US tech giant Microsoft is prepared to pay around $50 billion for an app that is primarily used to watch funny and short videos created by other users. The app currently has 100 million American users. Analysts believe this popularity might grow so fast it will soon be worth $200 billion. The Trump administration wants to ban the app because it believes its Chinese owners could be required to cooperate with the government in China, which in turn, could use the platform for spreading misinformation, espionage or to threatening national security. If TikTok and Microsoft cannot pull off this purchase by mid-September Trump pulls the plug on its US operation.
It’s an irresistible twist in the Trump administration’s four-year diplomatic spat with Beijing and comes hot off Trump pressuring other countries to take a harder line on China.

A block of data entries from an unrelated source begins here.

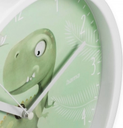 Deze kinderwandklok brengt vrolijkheid en kleur in elke kamer. Dankzij de groene wijzerplaat met dinosaurusmotief trekt hij de aandacht van kinderen en stimuleert hij hun interesse om de klok te leren lezen.
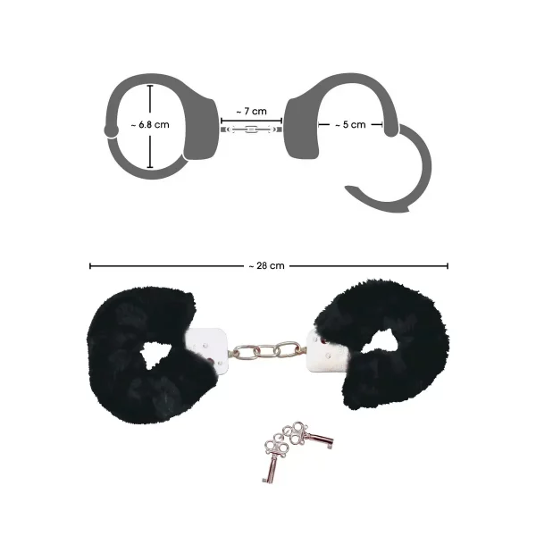 Manette in metallo rivestite di morbido peluche nero (poliestere). Polsini di sicurezza, si aprono con una chiave o con un clic. Rivestimento tessile sfoderabile.
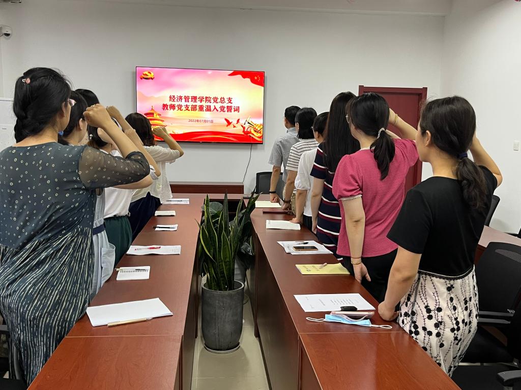 七一前后,经济管理学院、文法学院、机电工程学院、人工智能学院、外国语学院、教工第一、第二党支部等基层党组织均组织党员重温入党誓词,2021年以来新发展预备党员举起右拳,铿锵有力的声音响彻校园。知所从来,思所将往,方明所去,各级党组织组织师生回顾党的光辉历史,讴歌党的伟大成就,共同庆祝党的101岁生日,喜迎党的二十大胜利召开。
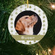 Modern Dog Pet Photo Floral Pattern Christmas Ceramic Ornament. Cute and modern design with green simple flower pattern. Add your photo and name and make a sweet keepsake for a dog owner.
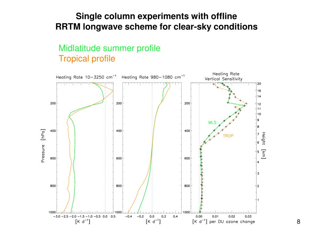Single column experiments with offlineRRTM longwave scheme for clear-sky conditions Midlatitude summer profile Tropical profile
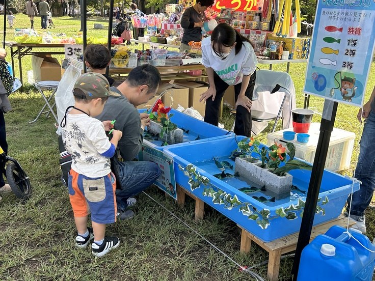 マルシェ(焼きそば、餃子、アクセサリーなどの販売及び、ものづくり体験など)と子供縁日を実施。
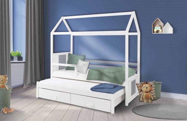 Kinderbett in Form eines Hauses wird aus hochwertigem Kiefernholz hergestellt. In dem Bett finden gleich zwei Kinder einen Platz. Das Bett wird inklusive zwei Matratzen und zwei Lattenrosten geliefert. Der Bettkasten bietet Platz für Bettwäsche oder Spielzeug an.
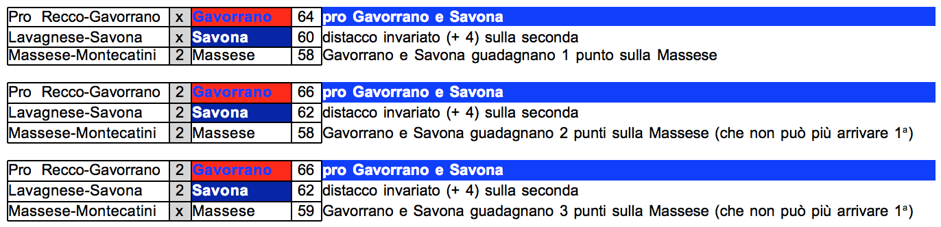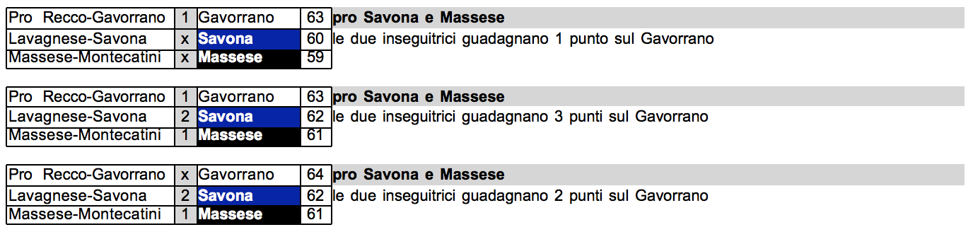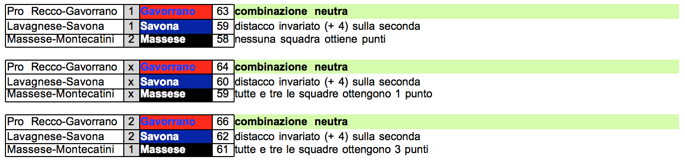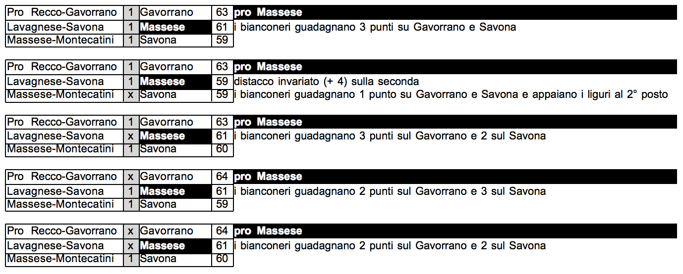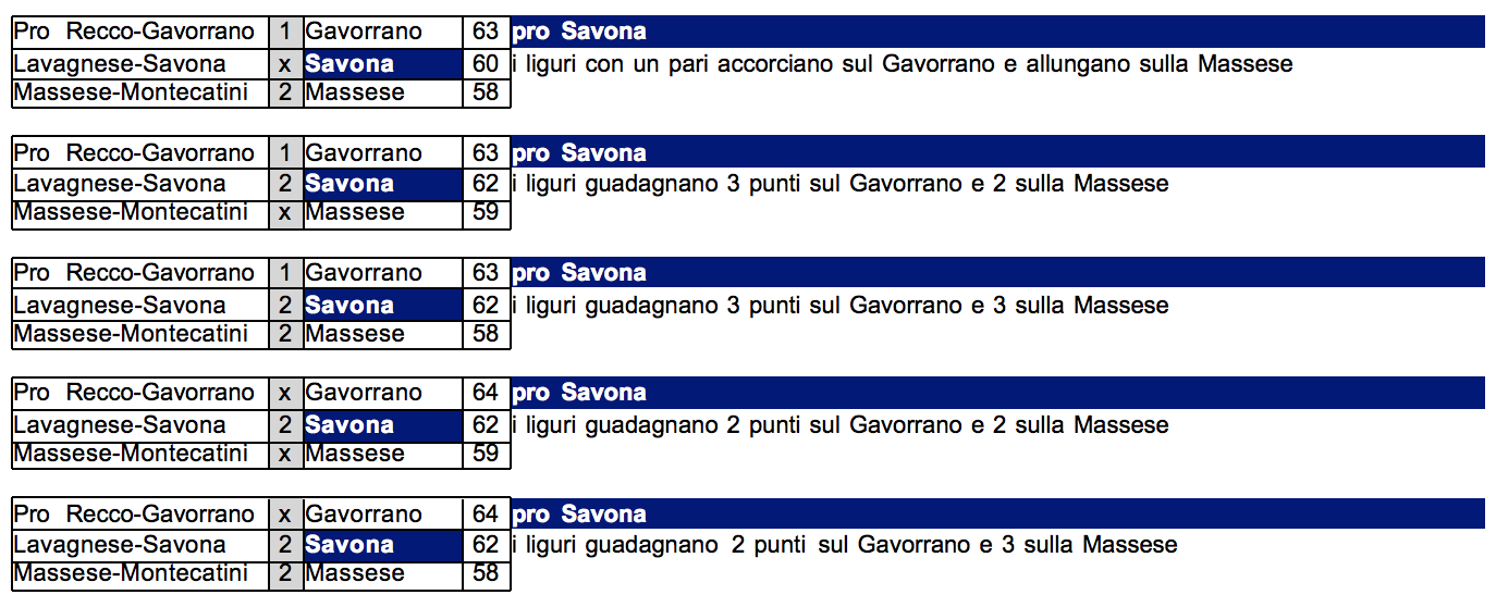 Si tratta di qualsiasi risultato migliore rispetto al Gavorrano ottenuto congiuntamente dalla Massese e dal Savona.

However, critics worry that Trump’s latest attempts to turn the screws on Beijing could set an anti-democratic and dangerous precedent in how governments try to control the way citizens use the internet, which will be applauded by leaders of other countries where democracy is already backsliding.

Source: Shutterstock

Nanjala Nyabola, an author and political analyst specializing in politics in the digital age, said: “Restricting internet and interfering with people’s capacity to criticize power is not unprecedented on a global scale. It has happened in India, Iran and in different parts of Africa.”

“What people are struggling with is the fact it’s happening in the US. When a country like the US begins to erode the ideas of democracy it naturally opens the door for other countries to do the same.”

This might seem a dramatic analysis at first glance, given the comparisons in African and Iran, where people are arrested for expressing dissent online. All the US President is talking about is removing certain platforms from the American internet.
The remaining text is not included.